Guisan Yves · Nationalrat · 2000-06-16
Guisan Yves · Nationalrat · Waadt · Freisinnig-demokratische Fraktion · 2000-06-16
Wortprotokoll
Le dépôt des propositions de non-entrée en matière est d'autant plus surprenant que les intéressés étaient présents à la séance de la commission et que l'entrée en matière avait été décidée sans opposition. Les dépassements budgétaires qui sont maintenant évoqués avaient largement fait partie de la discussion. Force est de croire que les réponses qui ont alors été apportées étaient convaincantes puisque, une fois encore, cette décision a été prise ensuite à l'unanimité.
Nous nous trouvons maintenant confrontés à un véritable procès d'intention. L'équipe Hayek avait pour tâche de vérifier les développements budgétaires d'une entreprise qui, de toute évidence, n'était plus en conformité avec le message de 1996, mais elle n'avait pas pour tâche de l'établir. Elle a donc formulé un certain nombre de propositions pour remettre les pendules à l'heure. Celles-ci ont permis au Conseil fédéral d'élaborer par la suite un projet que nous avons approuvé en décembre dernier.
Nous nous étions déjà, alors, très longuement demandé s'il y avait lieu de poursuivre l'exercice ou non. La pesée d'intérêts a débouché sur une réponse positive. Si maintenant nous refusons cette garantie de déficit, nous retirons notre confiance à la direction qui a fait un effort absolument considérable pour remettre toute cette opération sur pied. Une démission collective et un report ultérieur ne seraient donc, dans ces conditions, pas surprenants.
Les propositions de non-entrée en matière Föhn et du groupe écologiste remettent également en question toutes les évaluations déjà effectuées et vont dans ce même sens. Il faut quand même réaliser qu'un arrêt de l'exercice maintenant coûterait au moins 300 millions de francs. Je vous demande donc de suivre la proposition de votre commission, d'entrer en matière et de repousser les différentes propositions qui vont dans le sens opposé.

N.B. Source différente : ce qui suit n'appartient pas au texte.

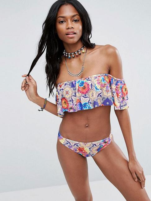 Off-the-shoulder Falbala Printed Bikini Swimwear
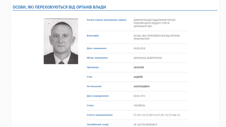 Мэр Доброполья (Донецкая область) Андрей Аксенов объявлен в розыск.
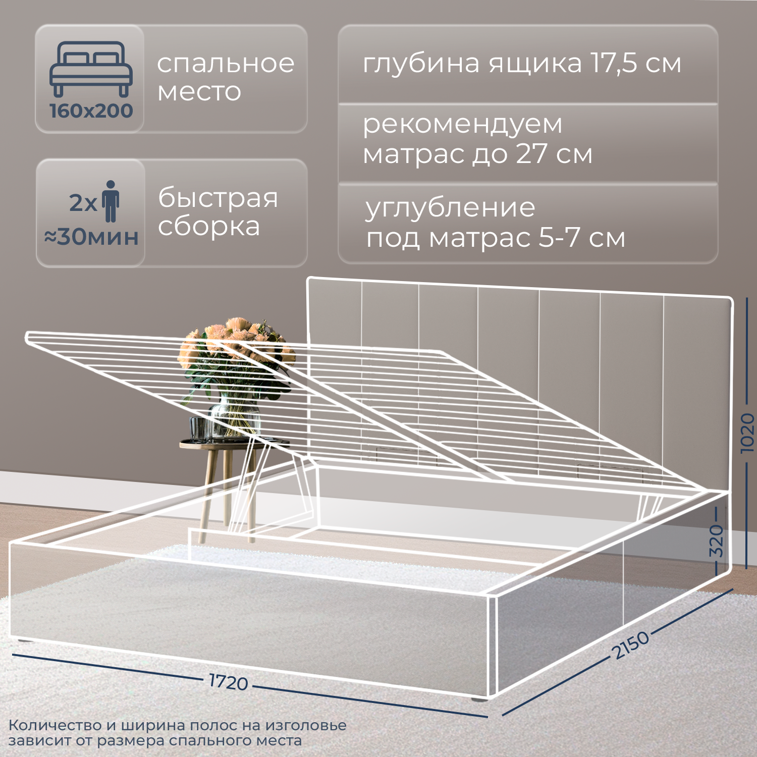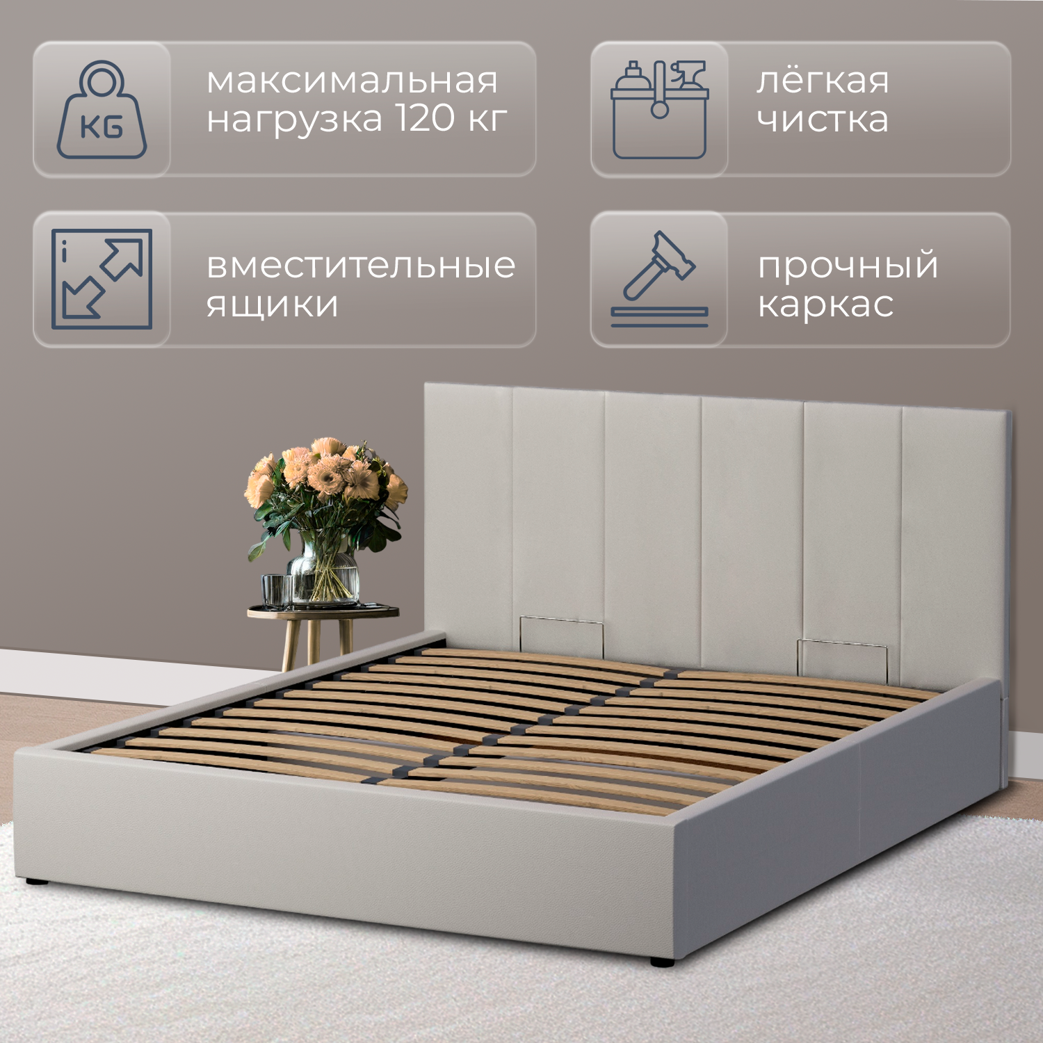 | Особенности | мягкое изголовье, с подъемным механизмом, с ящиком для белья |
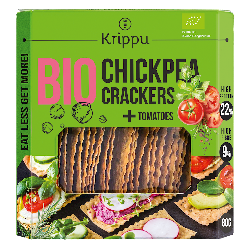 KRIPPU chickpea crackers contain over 20% protein, making them among the highest protein-content products in terms of nutritional value.
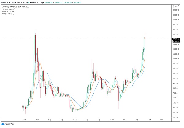 月線將意義重大,因為如果比特幣價格保持在13791美元以上,它將創下比特幣歷史上的最高收盤價。
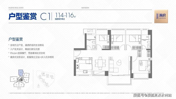 【建筑面积114-116㎡4房2卫】(C1)户型,横厅朝东南向,客餐厅开间6.6米,LDKB一体化设计,四开间朝南,全屋7面飘窗,主卧套房+步入式衣帽间,3个次卧朝西北向。得房率约78%(不含赠送)

Quant à la proposition de minorité Fetz - découpler 30 millions de francs du montant total de la garantie pour accorder un financement aux projets qui ne bénéficient ni d'un financement public, ni de la part de l'économie -, elle a également été discutée en commission. Il est apparu qu'il y avait confusion des genres, la garantie de déficit ne constituant, par définition, en rien le financement de projets nouveaux ne figurant pas au budget.
Toute une série de projets officiels sont en cours: "Sécurité dans l'ouverture au monde", "Nouvelle destination", "Développement durable" et "Corps et identité". Les Offices fédéraux participent dans une large mesure, et de leur plein gré, à ces projets. De nombreux collaborateurs se sont engagés parallèlement à leur travail habituel. Il y a donc de multiples possibilités de participer à la réalisation de l'Expo.
La proposition de minorité Fetz semble insinuer que l'Expo devrait offrir du "terrain à louer". Comme souvent, l'intention est louable, mais induit une confusion absolument catastrophique.
La commission l'a repoussée, par 15 voix contre 6 et avec 2 abstentions, et vous prie de faire de même.